### [Task objective]
I'd like the records transcribed exactly, leaving the images out.

### [Records from a dataset]
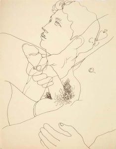 Cocteau (Jean). Dessin érotique. Sans lieu ni date. Dessin original, plume et encre noire (27,5 x 21 cm). Beau dessin érotique représentant une scène de masturbation.
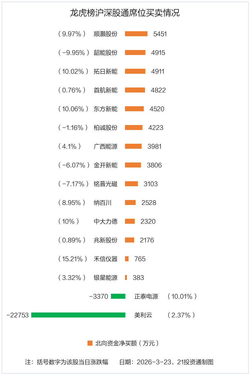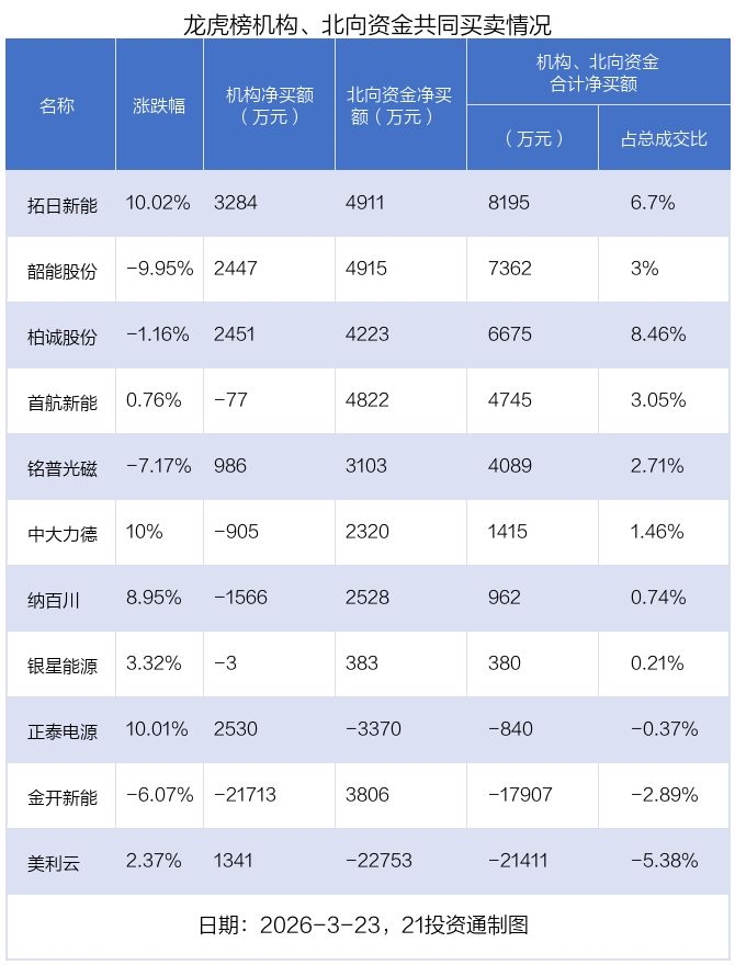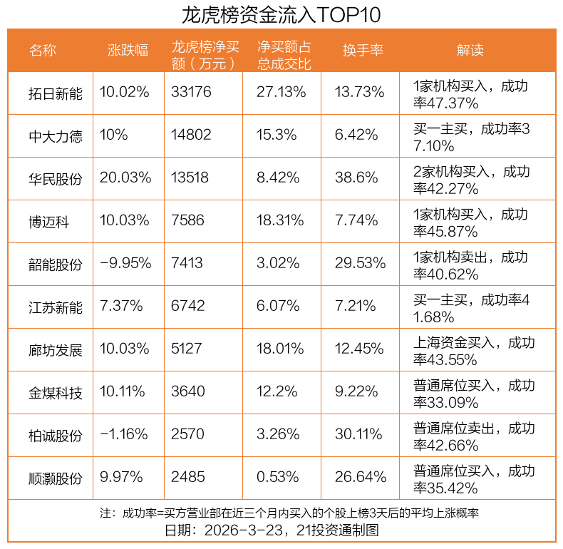 3月23日,上证指数下跌3.63%,深证成指下跌3.76%,创业板指下跌3.49%。盘后龙虎榜数据显示,共有40只个股因当日异动登上龙虎榜,资金净流入最多的是拓日新能(002218.SZ),达3.32亿元。
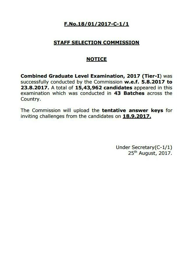 DATE OF SSC ANSWER KEY IS OUT
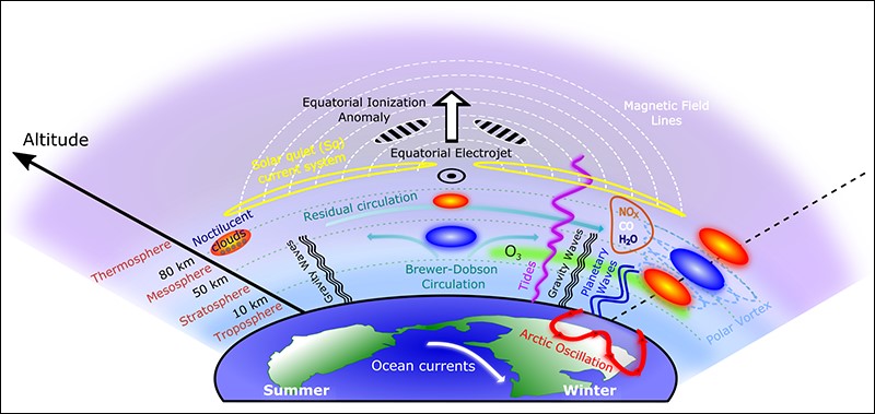 平流层爆发性增温(Sudden Stratospheric Warming, SSW)现象是典型的地球低层大气波动现象。在平流层爆发性增温发生时,极区平流层温度突然升高,在几天之内温度增加幅度可达几十K。同时,中间层和低热层纬向环流出现明显减弱,甚至发生转向。平流层爆发性增温事件提供了研究大气波动与电离层耦合的绝佳机会(图1)。已有观测和模式结果表明,在平流层爆发性增温期间,电离层可能会产生巨大的变化。
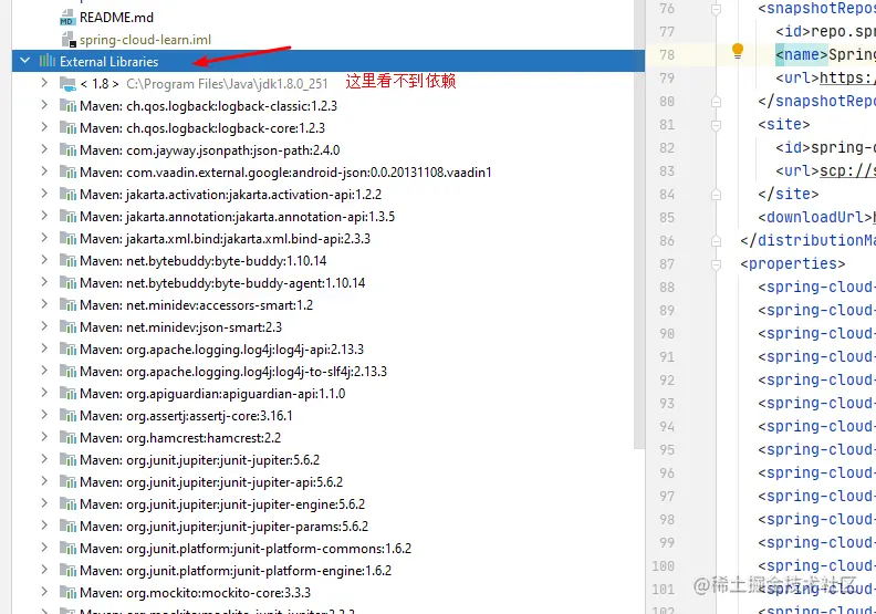 由于BOM不是一个jar包,所以你没办法在idea的依赖libary中看看到该文件
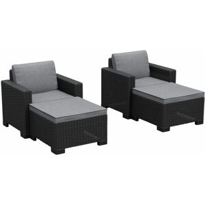 Keter 2 Seat California Balcony Deluxe Set In Graphite The California 2 seater deluxe balcony set is made of more than 83% recycled resin with a 6mm round wicker design. The woven wicker style creates a luxurious and trendy look and can create a focal point in any outdoor space. The set consists of a two armchairs with wide deep seating and two square foot stools with cushions which is perfect for putting your feet up and relaxing or as an extra seating option when hosting indoor's in your conservatory, or outdoors on gardens and patio areas. The cushions included are 7.5cm thick and provide optimal seating comfort to relax and unwind. Lightweight in its structure therefore is easier to move to suit any setting and is easy and quick to assemble. The garden set is completely maintenance-free and weather-resistant, so you can enjoy the lounge set for years to come. Product Features: Ideal indoor/outdoor lounge set for gardens, conservatories and entertaining spaces Built for comfort
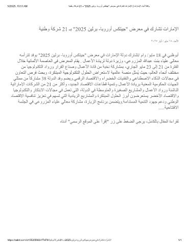 5/26/25, 10:51 AM ﺔﯾﻧطو ﺔﻛرﺷ 21 ـﺑ "2025 نﯾﻟرﺑ -ﺎﺑوروأ سﻛﺗﯾﺟ" ضرﻌﻣ ﻲﻓ كرﺎﺷﺗ تارﺎﻣﻹا | تارﺎﻣﻹا ءﺎﺑﻧأ ﺔﻟﺎﻛو
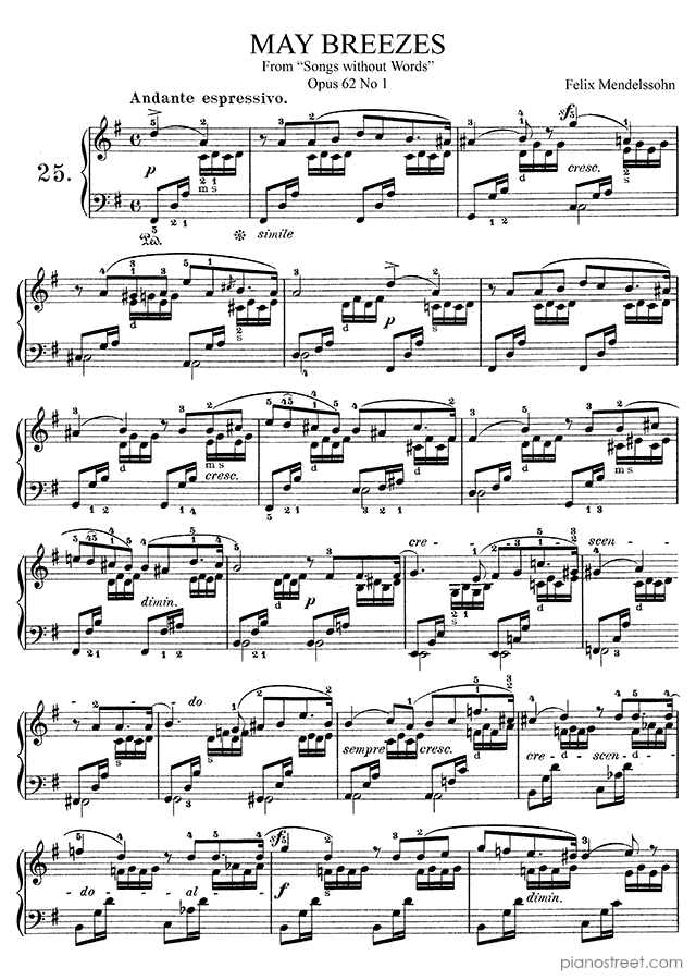 Early Romantic piano sheet music by Felix Mendelssohn to download and print instantly: May Breezes Op. 62 No. 1 in the key of . Level 6, compositional type: Piece (published in 1844)
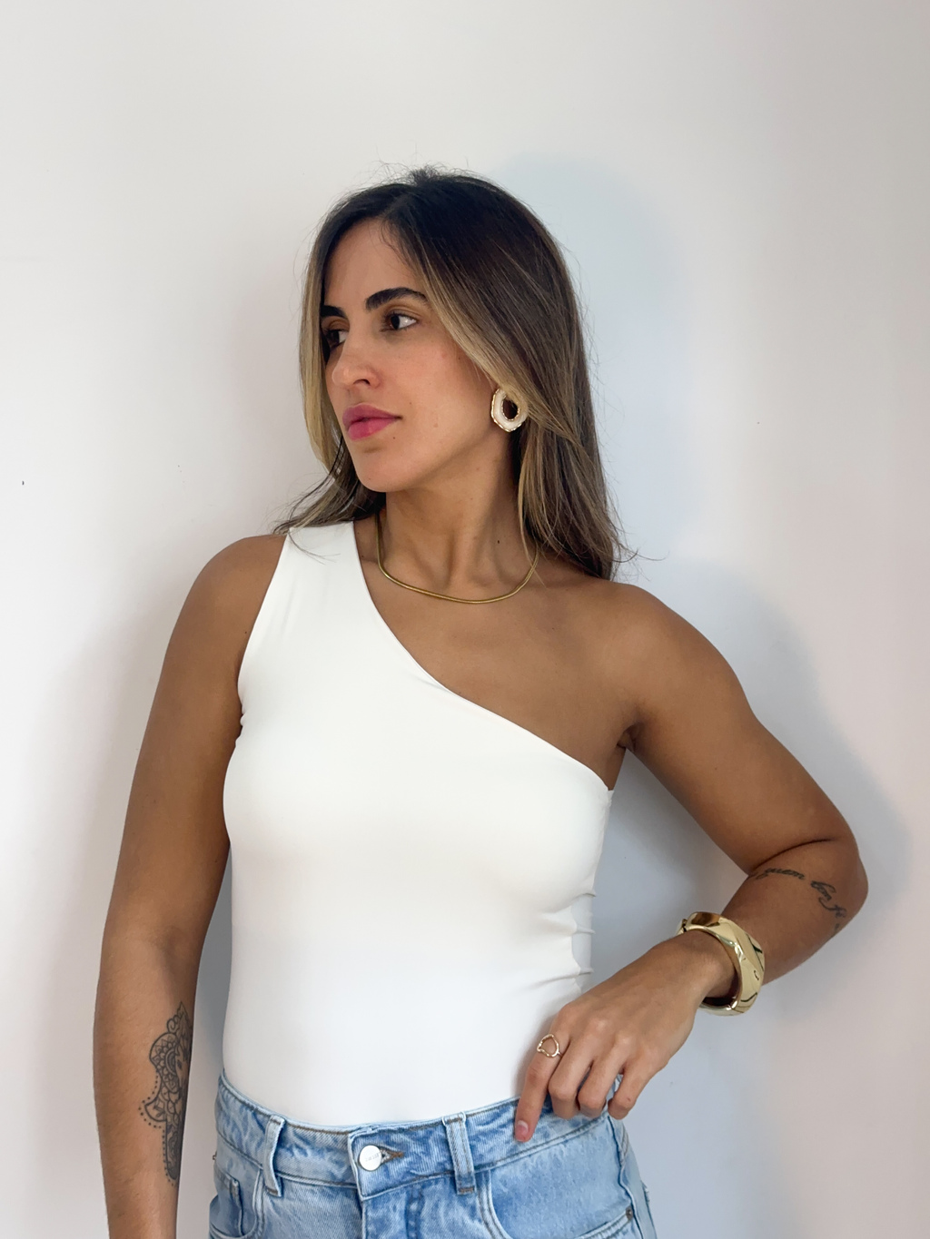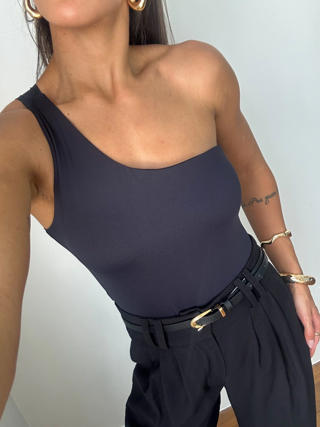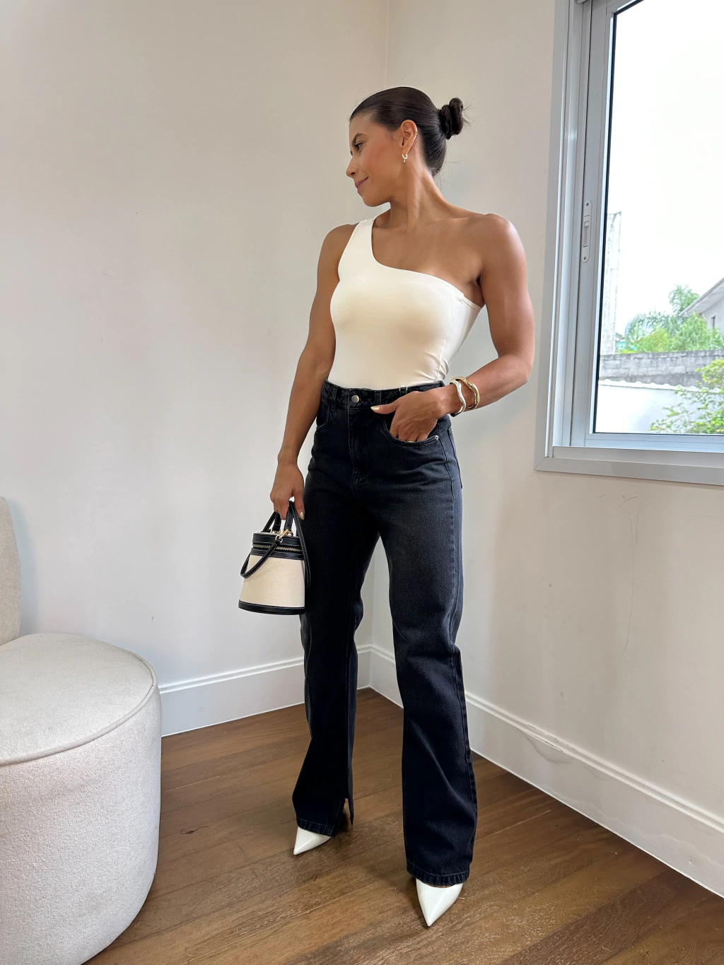 Sinta-se poderosa e confortável com nosso body um ombro só! Ideal para te acompanhar em diversas ocasiões, desde o dia a dia até uma festa.

### [Task result]
 Cocteau (Jean). Dessin érotique. Sans lieu ni date. Dessin original, plume et encre noire (27,5 x 21 cm). Beau dessin érotique représentant une scène de masturbation.
 3月23日,上证指数下跌3.63%,深证成指下跌3.76%,创业板指下跌3.49%。盘后龙虎榜数据显示,共有40只个股因当日异动登上龙虎榜,资金净流入最多的是拓日新能(002218.SZ),达3.32亿元。
 DATE OF SSC ANSWER KEY IS OUT
 平流层爆发性增温(Sudden Stratospheric Warming, SSW)现象是典型的地球低层大气波动现象。在平流层爆发性增温发生时,极区平流层温度突然升高,在几天之内温度增加幅度可达几十K。同时,中间层和低热层纬向环流出现明显减弱,甚至发生转向。平流层爆发性增温事件提供了研究大气波动与电离层耦合的绝佳机会(图1)。已有观测和模式结果表明,在平流层爆发性增温期间,电离层可能会产生巨大的变化。
 由于BOM不是一个jar包,所以你没办法在idea的依赖libary中看看到该文件
 Keter 2 Seat California Balcony Deluxe Set In Graphite The California 2 seater deluxe balcony set is made of more than 83% recycled resin with a 6mm round wicker design. The woven wicker style creates a luxurious and trendy look and can create a focal point in any outdoor space. The set consists of a two armchairs with wide deep seating and two square foot stools with cushions which is perfect for putting your feet up and relaxing or as an extra seating option when hosting indoor's in your conservatory, or outdoors on gardens and patio areas. The cushions included are 7.5cm thick and provide optimal seating comfort to relax and unwind. Lightweight in its structure therefore is easier to move to suit any setting and is easy and quick to assemble. The garden set is completely maintenance-free and weather-resistant, so you can enjoy the lounge set for years to come. Product Features: Ideal indoor/outdoor lounge set for gardens, conservatories and entertaining spaces Built for comfort
 5/26/25, 10:51 AM ﺔﯾﻧطو ﺔﻛرﺷ 21 ـﺑ "2025 نﯾﻟرﺑ -ﺎﺑوروأ سﻛﺗﯾﺟ" ضرﻌﻣ ﻲﻓ كرﺎﺷﺗ تارﺎﻣﻹا | تارﺎﻣﻹا ءﺎﺑﻧأ ﺔﻟﺎﻛو
 Early Romantic piano sheet music by Felix Mendelssohn to download and print instantly: May Breezes Op. 62 No. 1 in the key of . Level 6, compositional type: Piece (published in 1844)
 Sinta-se poderosa e confortável com nosso body um ombro só! Ideal para te acompanhar em diversas ocasiões, desde o dia a dia até uma festa.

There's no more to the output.